I guess this probably depends on your cat and how old they are + their personality. Our cat is only 5, so plenty young and he loves dogs. 

Cats are a different story. And skunks. <- If Lu sees anything like that on his turf, he can get pretty mean. And loud. One time he woke us up at 3 in the morning because he knocked a heavy statue off of a windowsill. This because he was in a rage about this creepy cat on the other side of the window gloating at him. I don't know what freaked me out more, the shattered statue or the creepy eyes leering in through the window.


----------



## cubbysan (Mar 13, 2007)

We have one cat they chase and one cat they don't. You are right, the cat they don't chase learned very early not to take off. She actually comes up to the dogs and rubs up against them now. 

The other cat spends her days staying out of the same room as the dogs, and sneaks by them to get where she wants, of course this just encourages the chase.


----------



## Oakley&SegersMom (Feb 1, 2009)

We have 2 cats and 2 goldens. One of the cats (16 year old Sassy) is very comfortable around Oakley and Seger and they don't bother him. The very rare time Oakley will do the "bum up I want to play" thing with Sassy, who usually just goes wide around Oakley and down the stairs!
Our other cat, 15 year old Raja, is another story. When the dogs walk into the same room as she is in, she starts hissing and howling and totally draws attention to herself. Of course Oakley and Seger (mostly Oakley) are curious and usually go and stick their noses close to her - at which time Raja starts batting them in the face with her declawed paws.
I think that if she didn't make such a spectacle of herself, they would just ignore her.
And if the cats run, there are times Oakley will chase.
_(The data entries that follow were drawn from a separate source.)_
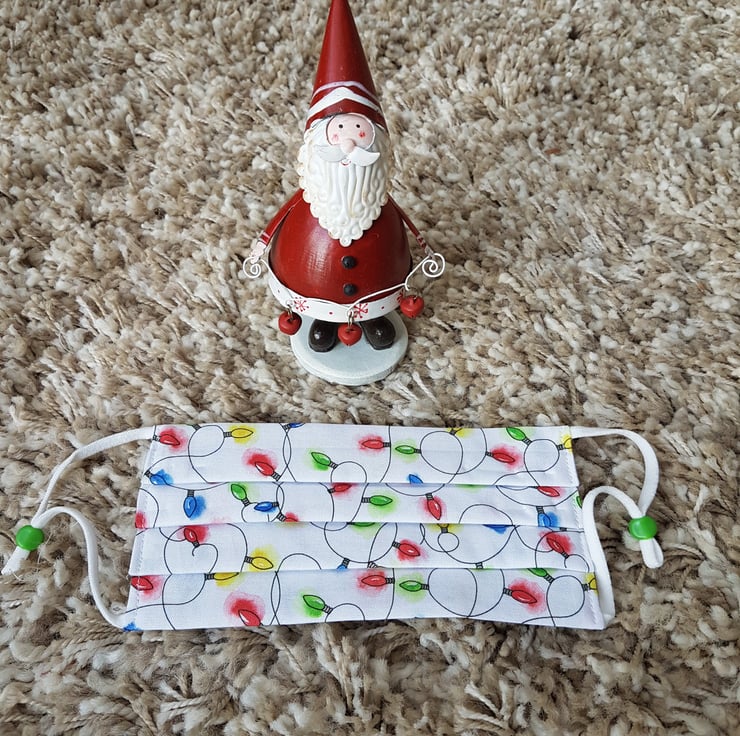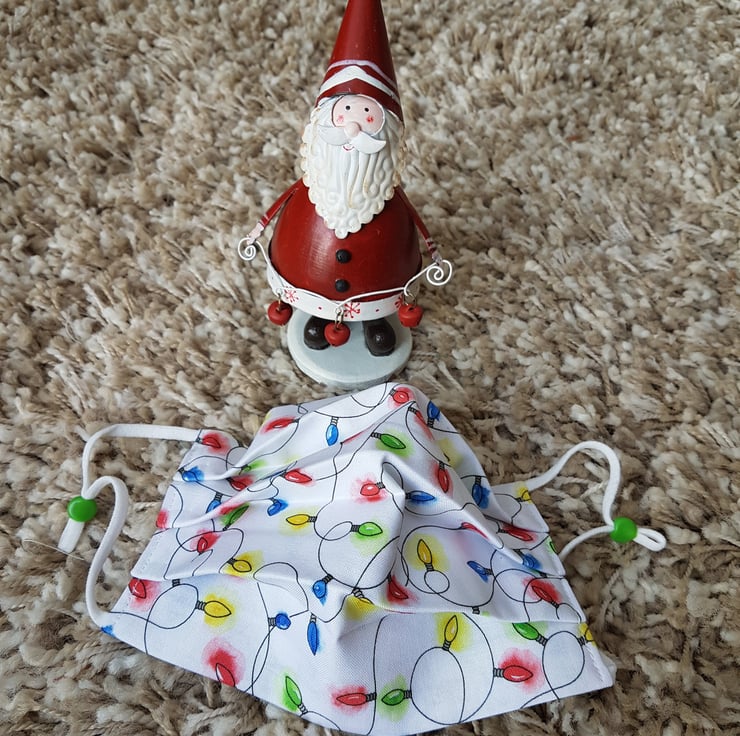 Small Adult/Teenager festive face covering made from a twinkly lights print. The face mask is made with 2 layers of cotton forming an inner pocket for a filter (not included) and is fastened over the ears with 2 loops of elastic and a toggle adjuster.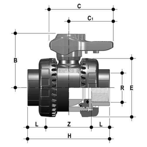 PVC-U Kugelhahn VXE, Gewindemuffe, EPDM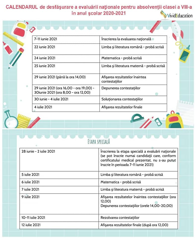 Marți, 22.06.2021, și joi 24.06.2021, se vor desfășura probele la examenul de Evaluare națională (marti limba română și joi matematica).

Not always though. I generally tell him "no" before he launches after them and he is pretty good about it.
This has all been going on for the 7.5 years we have had the dogs.
We just make sure that Oakley and Seger don't terrorize the cats, and that the cats have their space.....I think a lot depends on the cat.
Carol


----------



## Murphysmom (Nov 2, 2009)

Great. It's mostly only my cat Riley. Charlie loves the dogs and rubs on them, and Vinnie just stays away from them as much as possible. But Riley will walk right up to Murphy and smack him (no claws), then it's game on. Part of me wonders if Riley actually likes the chase. I'm just afraid Murphy's gonna step on him and hurt him. I don't think he realizes he's so much bigger than the kitty.


----------



## Megora (Jun 7, 2010)

Murphysmom said:


> Great. It's mostly only my cat Riley. Charlie loves the dogs and rubs on them, and Vinnie just stays away from them as much as possible. But Riley will walk right up to Murphy and smack him (no claws), then it's game on. Part of me wonders if Riley actually likes the chase. I'm just afraid Murphy's gonna step on him and hurt him. I don't think he realizes he's so much bigger than the kitty.


That sounds like what Lu does. He loves his kitty zoomies and they are all the better when he's being chased. 

Watch them and see. The cat is more dangerous to your dog, because a claw to your dog's eye would be an expensive visit to the vet.


----------



## Willow52 (Aug 14, 2009)

Hank is 2 mos. older than your Murphy and he hasn't stopped chasing the cat yet!


----------